Inside PacketLens: how we use nDPI for real-time application visibility
How PacketLens layers nDPI deep packet inspection with TLS SNI product detection and passive DNS verification to classify over 99% of live network flows — with live Grafana screenshots from a real wifi capture.
Deep packet inspection feels like a solved problem until you sit in front of a real network and try to answer one question: what is actually flowing through it, right now? Most connections are TLS. QUIC is taking over from TCP. SNI is about to be encrypted by Encrypted Client Hello. Port 443 means nothing. A signature-only DPI engine staring at this traffic will shrug at half of it.
PacketLens answers that question by layering four signals on top of each other — classic DPI, port heuristics, TLS SNI, and passive DNS. Each one catches what the previous one missed.

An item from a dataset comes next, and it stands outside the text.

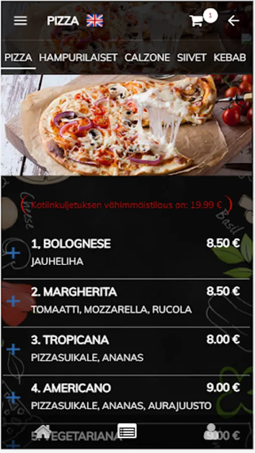 pizzat suoraan listasta, erilaiset valkosipulileivät tai extratäytteet ja annoksen kylkeen valittava juoma – tai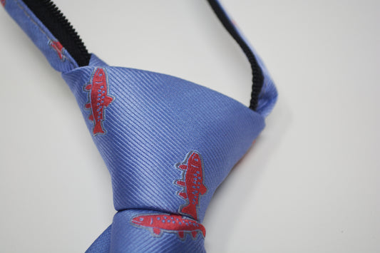 Trout Necktie - Light Blue, Printed Silk

The result is a live Grafana dashboard where, on a normal laptop’s wifi interface, less than one percent of flows end up labelled “unknown”.
At a glance
- What it is: PacketLens is an open-source deep packet inspection and observability stack for FD.io VPP, built on top of nDPI (450+ protocols, LGPL).
- How it classifies: four stages — nDPI signatures, port/heuristic giveup, TLS SNI override, and passive DNS verification — each correcting or sharpening the previous.
- What it produces: per-flow labels (app, category, method) exported as Prometheus metrics from VPP’s stats segment, with a ready-made Grafana dashboard.
- Measured on live wifi: under 1% of flows unclassified, with AI products like Claude, ChatGPT, and Gemini correctly identified via their plaintext TLS SNI.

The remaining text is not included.